I have a program which fetches an xml sheet from a url. There is a lot of data on this xml, as a result I can only see 2500 'profiles' if you will at a time.

In these xml profiles, i require the program to pull out each users ID number which is a 8 digit code. I also require the program to pull out the url to the next 2500 profiles which i did by using the endswith() function.

My problem is in the last page of data there is no link to match with and i require the loop to stop while also pulling the final set of ID's

Here is what i have so far:

myURL = 'blah'

while myUrl is not '':
    info = request.get(myUrl)

Convert it to a list of strings

    end_of_new_link = "thingy"
    for link in list
        if link.endswith(end_of_new_link)
            myUrl = link

I format the link so i can use it on the next iteration of the while loop

     elif link.startswith(IDNUMBER)
          listIDs.append(link)

Is there a way i can set the variable myUrl to empty string to exit the while loop or is my logic all wrong here

johnfk3
  • 469
  • 2
  • 5
  • 15

1 Answers1

1

I think the simplest way is to have two variables instead of one.
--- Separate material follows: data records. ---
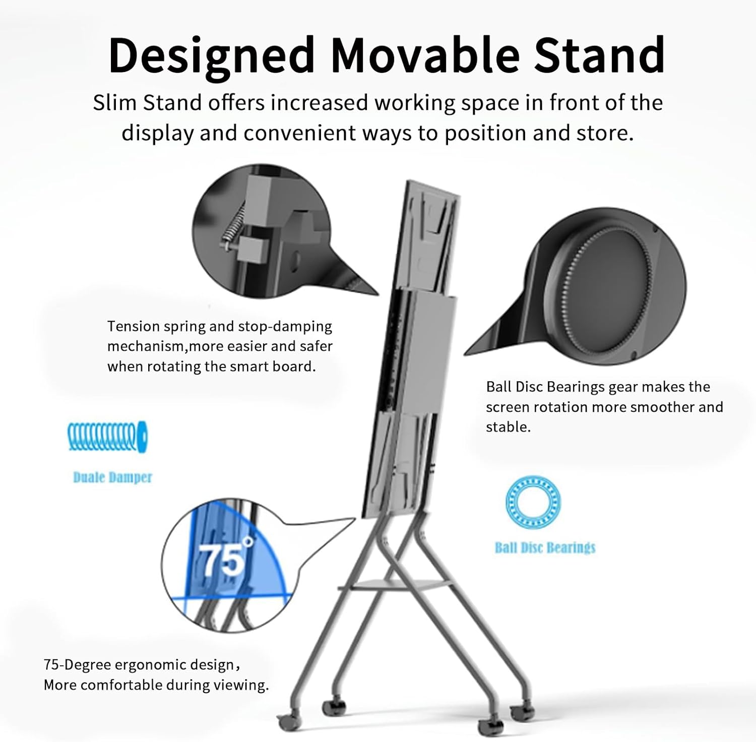 - 【ROTATABLE SMART BOARD】Smartboard can be rotated to meet the needs of various occasions. Whether it is in meeting, sports, entertainment or live broadcast, the rotatable screen can meet your needs. The built-in gravity sensor of digital whiteboard automatically adapts to landscape/portrait flip display orientation to make the viewing angle of the portrait app wider and more friendly.
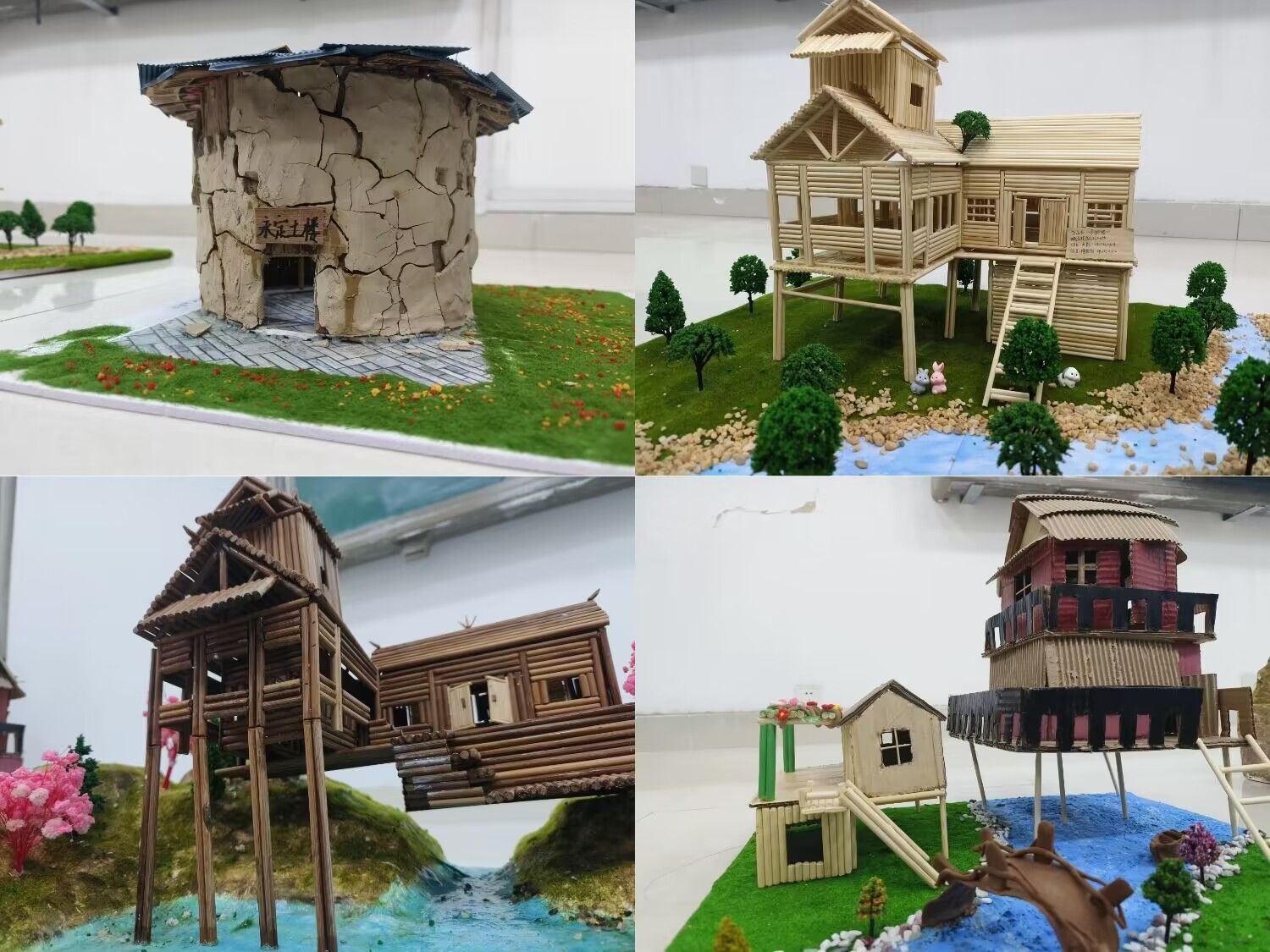 本次建筑模型设计制作大赛以“民族式建筑”为主题。在初赛阶段,共收集作品15份,经线上线下评比,共6支队伍脱颖而出进入决赛。决赛分为选手自主演讲、评委点评与提问两个环境。决赛过程中,各团队以PPT汇报的形式阐述本团队的模型制作理念和制作过程。评委老师从设计理念的新颖性、作品制作的精细度、PPT汇报的流畅度及建筑功能的牢固性等方面对每组作品做出客观评价和综合打分。
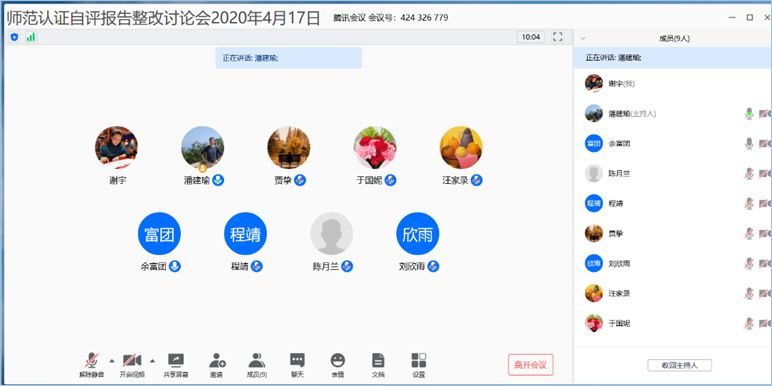 4月17日下午,番号鸽 以“聚焦专家考查报告,不断提升师范生培养质量”为主题,在线组织召开了师范专业认证工作总结会。番号鸽 党委书记贾挚、副院长潘建瑜、副书记余富团、数学教育系主任陈月兰、数学教育专业教师程靖、教务秘书、辅导员以及其他相关成员参加了讨论会。会议由潘建瑜主持。
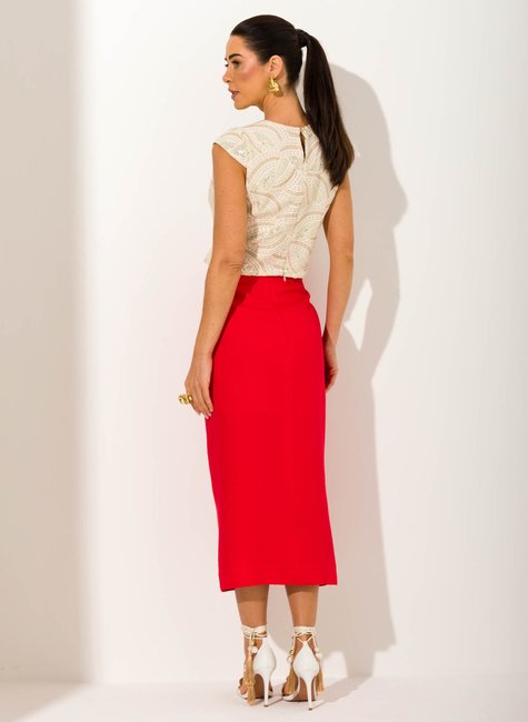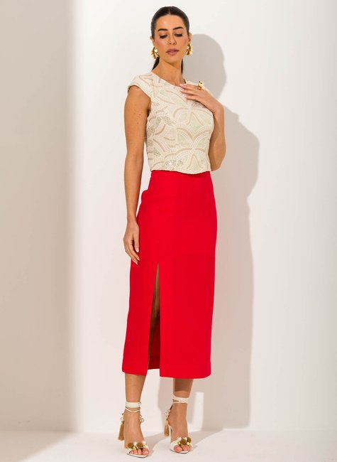 O destaque fica por conta da fenda frontal, que além de proporcionar movimento e leveza, adiciona sensualidade na medida certa. Versátil e cheia de estilo, a saia midi Letizia transita com naturalidade entre ocasiões formais e produções modernas para o dia a dia, sempre com um ar elegante e distinto.

lastUrl, nextUrl = None, 'blah'

while nextUrl != lastUrl:
    # url gets consumed and becomes "old"
    info, lastUrl = request.get(nextUrl), nextUrl

Later on...

end_of_new_link = "thingy"
for link in list
    if link.endswith(end_of_new_link)
        nextUrl = link # now it's different so the loop will continue

Of course, you could make this unnecessarily abstract if you wanted to and have a wrapper object that marks if its encapsulated data has changed (or simply has been set) since the last read.

Shashank
  • 13,713
  • 5
  • 37
  • 63